=== Section Start ===

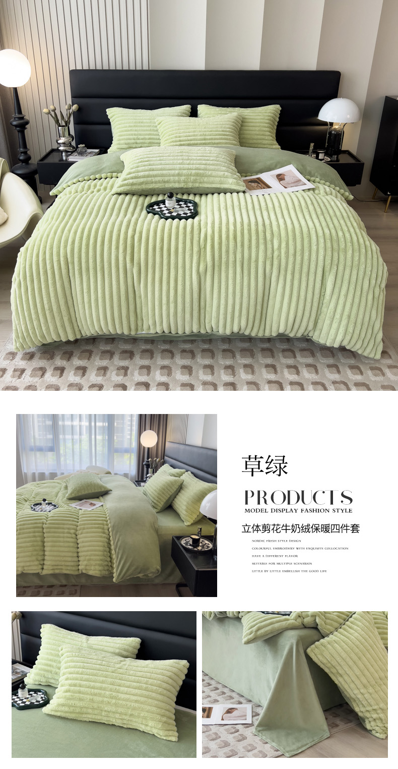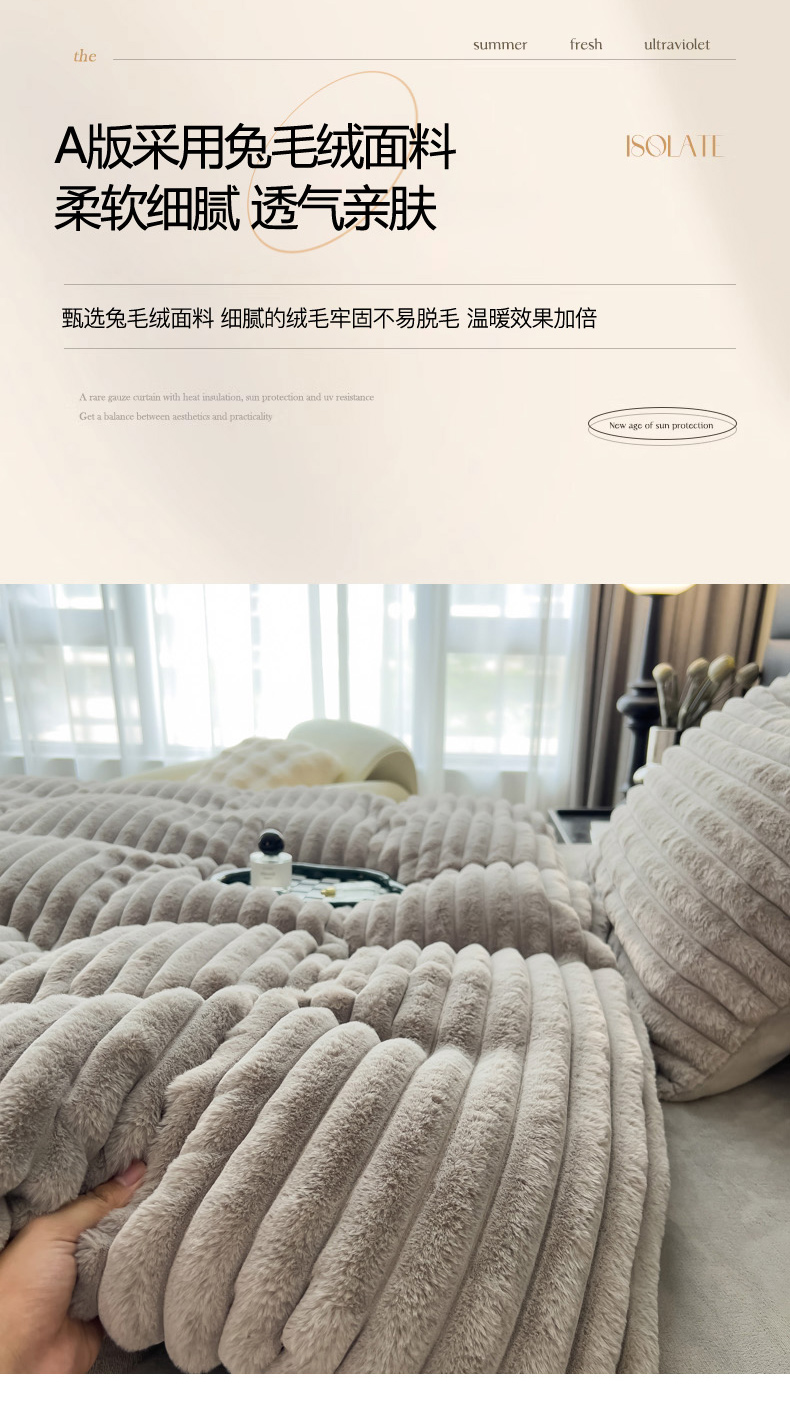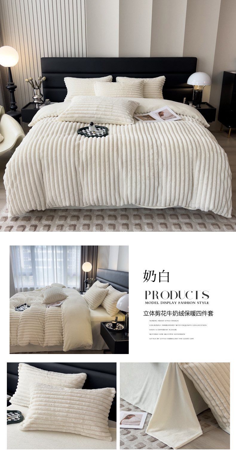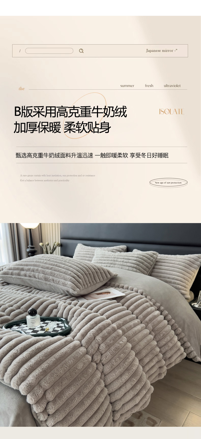 当前位置: 91家纺网 > 商品网购 > 床品套件 > 四件套 > 兔毛绒四件套 > 印季家纺 2025新款立体剪花条纹兔毛绒四件套 高级灰
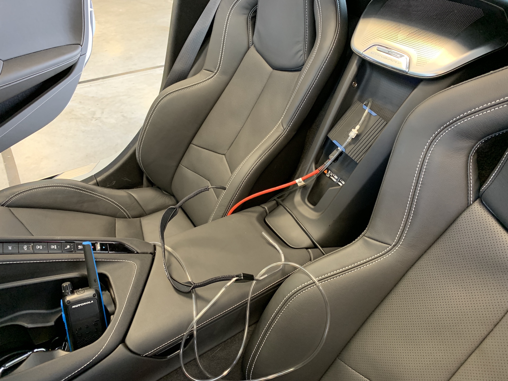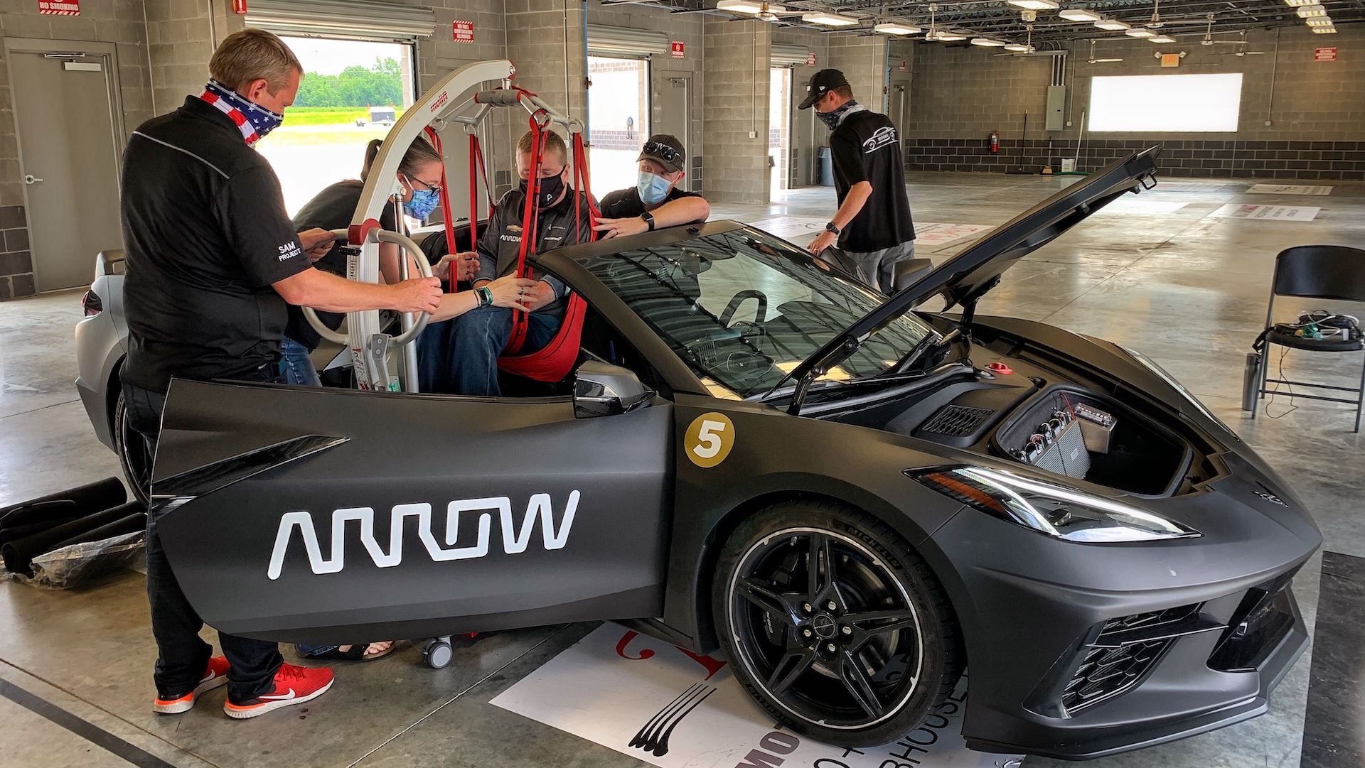 Finally, a quick check of what Arrow calls the “sip and puff” (the straw that goes in Schmidt’s mouth) must be checked to make sure it engages the brake and throttle systems. Of course, the latter gives Schmidt a chance to rev the C8 to its redline while parked—which judging by his loud laugh—he most definitely enjoys.
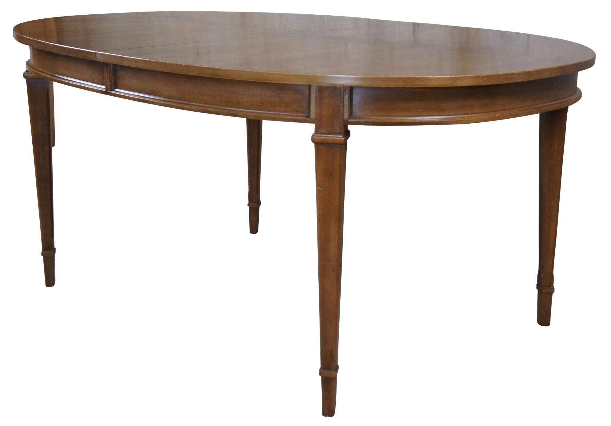 Vintage Drexel Triune dining table. Made of mahogany featuring an oval form, inset panel apron and square tapered legs. Includes 3 table leafs. Circa 1968. 555-333-5.
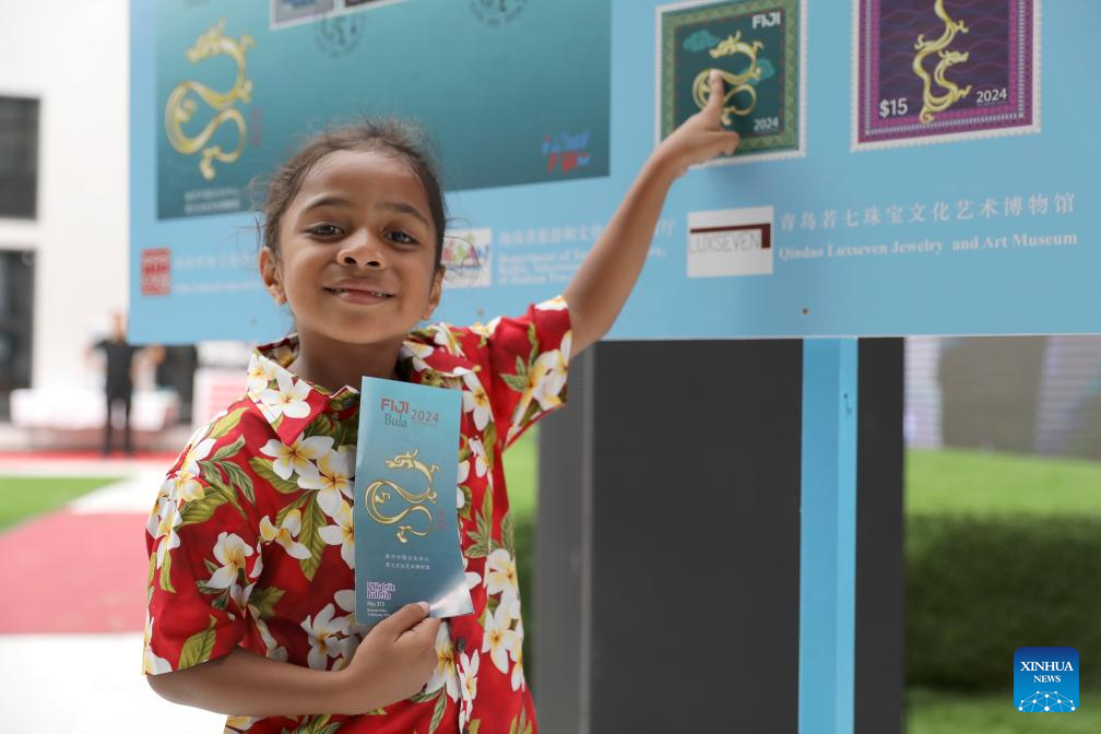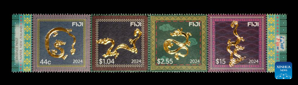 This photo taken on Feb. 3, 2024 shows a set of the Year of the Dragon stamps at a launching ceremony held in Nausori, Fiji. A launching ceremony was held here for the Year of the Dragon stamps on Saturday in celebration of the Chinese Lunar New Year, which falls on Feb. 10. (Photo by Sang Qinlong/Xinhua)
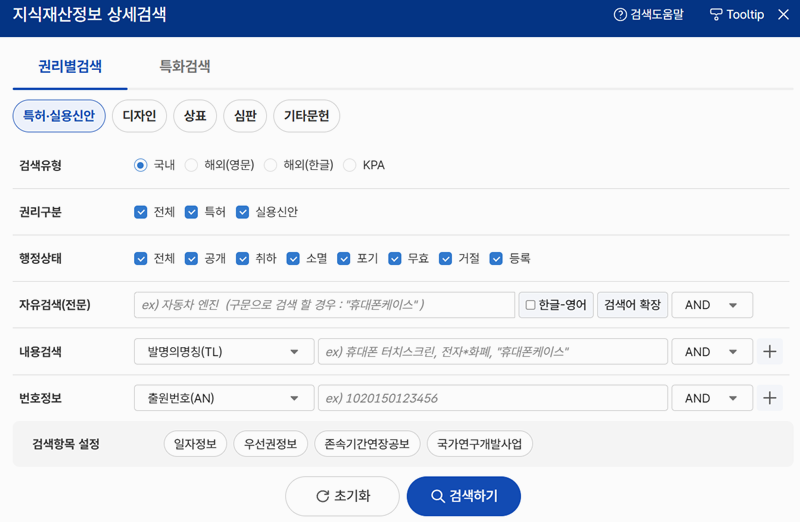 3. 더 정확한 결과를 원한다면 상세검색 기능을 활용해보시는 게 좋아요. 출원인, 등록 상태, 분류 같은 항목을 직접 설정할 수 있어서 원하는 조건에 맞게 꼼꼼하게 살펴볼 수 있어요.

=== Section End ===

> [REQUIRED WORK]: No pictures belong in the copy. Repeat the listing above exactly.

> [ANSWER TO THE EXERCISE]:
 当前位置: 91家纺网 > 商品网购 > 床品套件 > 四件套 > 兔毛绒四件套 > 印季家纺 2025新款立体剪花条纹兔毛绒四件套 高级灰
 Finally, a quick check of what Arrow calls the “sip and puff” (the straw that goes in Schmidt’s mouth) must be checked to make sure it engages the brake and throttle systems. Of course, the latter gives Schmidt a chance to rev the C8 to its redline while parked—which judging by his loud laugh—he most definitely enjoys.
 Vintage Drexel Triune dining table. Made of mahogany featuring an oval form, inset panel apron and square tapered legs. Includes 3 table leafs. Circa 1968. 555-333-5.
 This photo taken on Feb. 3, 2024 shows a set of the Year of the Dragon stamps at a launching ceremony held in Nausori, Fiji. A launching ceremony was held here for the Year of the Dragon stamps on Saturday in celebration of the Chinese Lunar New Year, which falls on Feb. 10. (Photo by Sang Qinlong/Xinhua)
 3. 더 정확한 결과를 원한다면 상세검색 기능을 활용해보시는 게 좋아요. 출원인, 등록 상태, 분류 같은 항목을 직접 설정할 수 있어서 원하는 조건에 맞게 꼼꼼하게 살펴볼 수 있어요.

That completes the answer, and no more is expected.